Но мерить холод синевой
я не могу, — под синью этой
он жжет, последний пламень твой,
струеньем внутреннего света.

ГОРНЫЙ ВЯЗ

                     Посвящается Артуру Адсону

И вечер настал. На колени склонились кусты,
надвинулись тучи и черные ветры подули,
тебя заслоняя, — и вот я не вижу, где ты,
страна моя, страх мой, тоска, моя Ultima Thule.

Меня покидаешь? И я различаю едва
и глаз твоих бледность, цветущих картофельным полем,
и косы льняные, и облика льдистый овал,
и поступь босую сомненья, безмолвия, боли.

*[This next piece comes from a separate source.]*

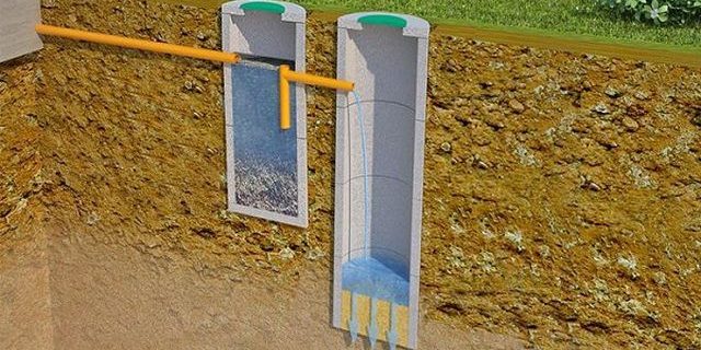 В любом из вариантов первая камера чаще всего имеет герметичное исполнение и служит для сбора, первичной фильтрации и очистки отходов – твердые составляющие оседают на дно, а жидкие осветляются, проходят цикл биологической очистки за счет действия аэробных микроорганизмов. Эта емкость связана со второй камерой специальной переливной трубой – осветленные жидкие отходы перетекают в следующий отсек, который уже организован по принципу дренажного колодца. Вода проходит через дренаж, доочищается и впитывается в грунт.
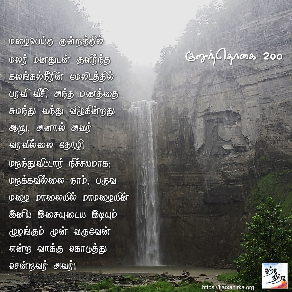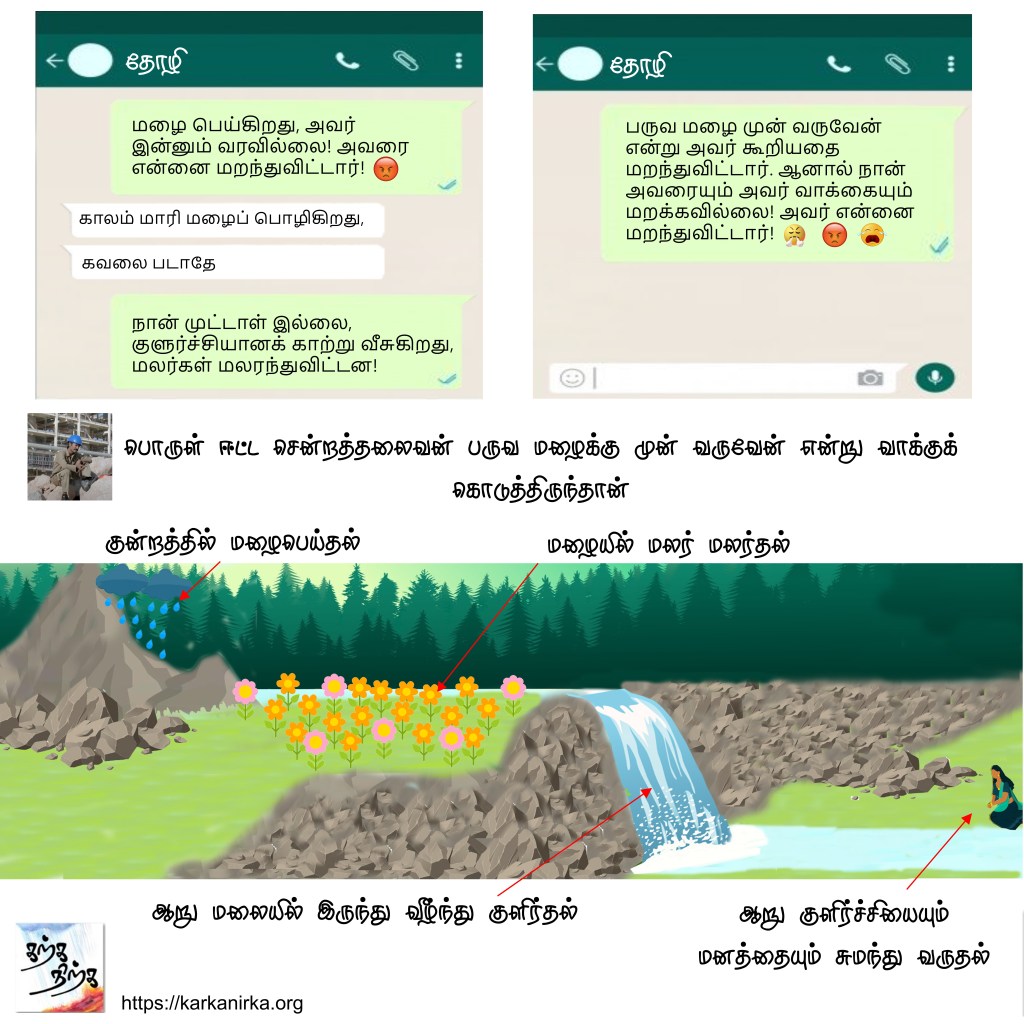 Situation: Thalaivan (hero) is wedded to Thalaivi (heroine). He leaves to earn wealth, with a promise of returning back before monsoon season. it rains, Thozhi (friend) tries to convince Thalaivi that this was unseasonal rain. Thalaivi utters this poem. #MEMEthokai #karkanirka

Помедлишь еще? Мое горло стянула тесьма
согбенного месяца, душит бессонницей длинной.
Кто друг мой последний? Не ель, что надменно нема,
не робость берез и не скорбная горечь осины.

То дерево помнишь, о Муза, — я был еще юн,
и в юность мою оно подняло смелые ветви.
Литавры цезуры, стремительной рифмы гарпун
пусть ловят его тишину в пятистопные сети.

Горящею глыбой февральского солнца растет
огромная крона твоя в отпылавшем закате, —
и мой амфибрахий напрасно к виденью простер
крылатые руны и строф нераскрытых объятья.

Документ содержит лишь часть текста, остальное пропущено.